Data for processing:
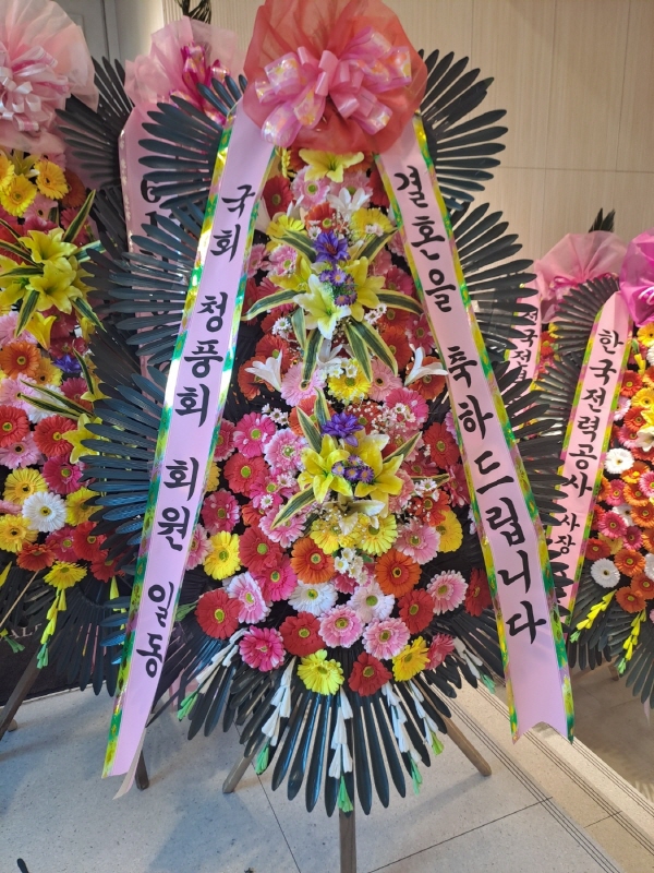 개업,결혼,칠순,준공식,연주회,기념회,발표회등 많은사람이 모이는 장소에서 큰리본과 함께 보내시는분의 정성과 품위를 느끼게 될겁니다.높이가 2m20cm이상으로 축하화환중 제일키가 큼니다.
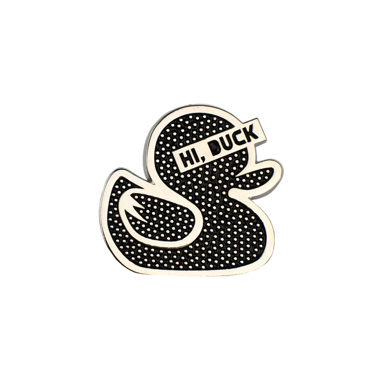 Значок-пин СЕРЕБРЯНЫЙ УТЕНОК ( 1 шт. в наборе; размер значка/-ов: 27х28 мм, материал значка/-ов: металл; способ изготовления: штамповка тип застёжки: цанга-бабочка (игла с заглушкой); цвет: чёрный; декор: эмаль холодная (мягкая); индивидуальная упаковка: подложка с европодвесом из мелованного картона + ПЭТ-пакет)
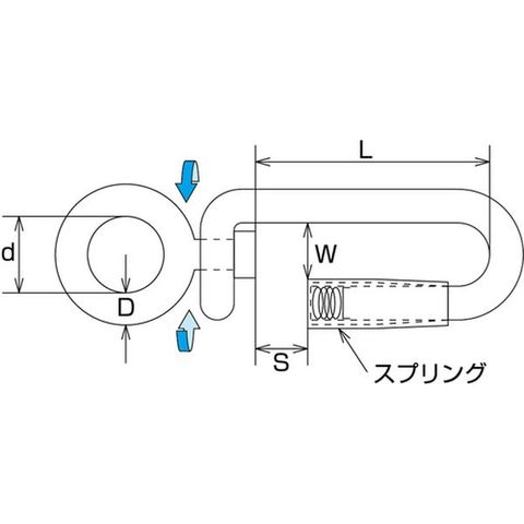 ・使用荷重(kN):0.49・D(mm):6・L(mm):44・S(mm):10・W(mm):14・d(mm):15
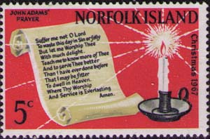 Лист с молитвой Джона Адамса, свеча.
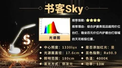 面对主打亮度却表现平平的同价位产品,书客sky选择从技术上的专研到底,打破了“便宜没好货”的刻板理念,通过多道精密光学加工与严苛装配工艺,打造出创新性的5 域环控光学系统。其核心由高密度纳米级导光板与多层次专业扩散膜组合而成,能够在微米级范围内对光线进行均匀折射与扩散,配合上DT多维漫射2.0技术,提升93%光照柔和度的同时,有效消除直射 LED 光源常见的颗粒感与光斑分布不均问题。另外RRT2.0红光养眼技术搭配硬件级低蓝光技术,软硬兼施的相互配合下,凭借精准的拦截400-450nm有害高能蓝光,将红光效果增强至极限,实现每天3分钟“红光”,有效保护视网膜和眼睛其他重要组织,大大减少有害蓝光的影响,将近视风险降低90%。
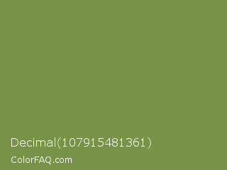 Decimal 107915481361 Color is a normal green color and the nearest color is Palm Leaf #6f9940. Hex code #779347 and RGB value is rgb(119,147,71). In RGB color space, this color is composed of 47% red, 58% green, 28% blue, In CMYK color space, this color is composed of 19% cyan, 0% magenta, 52% yellow , 42% black , In HSL color space, this color has a hue angle of 82° , 35% saturation and 43% lightness.

About this task:
Give back all of the entries verbatim, but without pictures.

Task response:
 개업,결혼,칠순,준공식,연주회,기념회,발표회등 많은사람이 모이는 장소에서 큰리본과 함께 보내시는분의 정성과 품위를 느끼게 될겁니다.높이가 2m20cm이상으로 축하화환중 제일키가 큼니다.
 Значок-пин СЕРЕБРЯНЫЙ УТЕНОК ( 1 шт. в наборе; размер значка/-ов: 27х28 мм, материал значка/-ов: металл; способ изготовления: штамповка тип застёжки: цанга-бабочка (игла с заглушкой); цвет: чёрный; декор: эмаль холодная (мягкая); индивидуальная упаковка: подложка с европодвесом из мелованного картона + ПЭТ-пакет)
 ・使用荷重(kN):0.49・D(mm):6・L(mm):44・S(mm):10・W(mm):14・d(mm):15
 Лист с молитвой Джона Адамса, свеча.
 面对主打亮度却表现平平的同价位产品,书客sky选择从技术上的专研到底,打破了“便宜没好货”的刻板理念,通过多道精密光学加工与严苛装配工艺,打造出创新性的5 域环控光学系统。其核心由高密度纳米级导光板与多层次专业扩散膜组合而成,能够在微米级范围内对光线进行均匀折射与扩散,配合上DT多维漫射2.0技术,提升93%光照柔和度的同时,有效消除直射 LED 光源常见的颗粒感与光斑分布不均问题。另外RRT2.0红光养眼技术搭配硬件级低蓝光技术,软硬兼施的相互配合下,凭借精准的拦截400-450nm有害高能蓝光,将红光效果增强至极限,实现每天3分钟“红光”,有效保护视网膜和眼睛其他重要组织,大大减少有害蓝光的影响,将近视风险降低90%。
 Decimal 107915481361 Color is a normal green color and the nearest color is Palm Leaf #6f9940. Hex code #779347 and RGB value is rgb(119,147,71). In RGB color space, this color is composed of 47% red, 58% green, 28% blue, In CMYK color space, this color is composed of 19% cyan, 0% magenta, 52% yellow , 42% black , In HSL color space, this color has a hue angle of 82° , 35% saturation and 43% lightness.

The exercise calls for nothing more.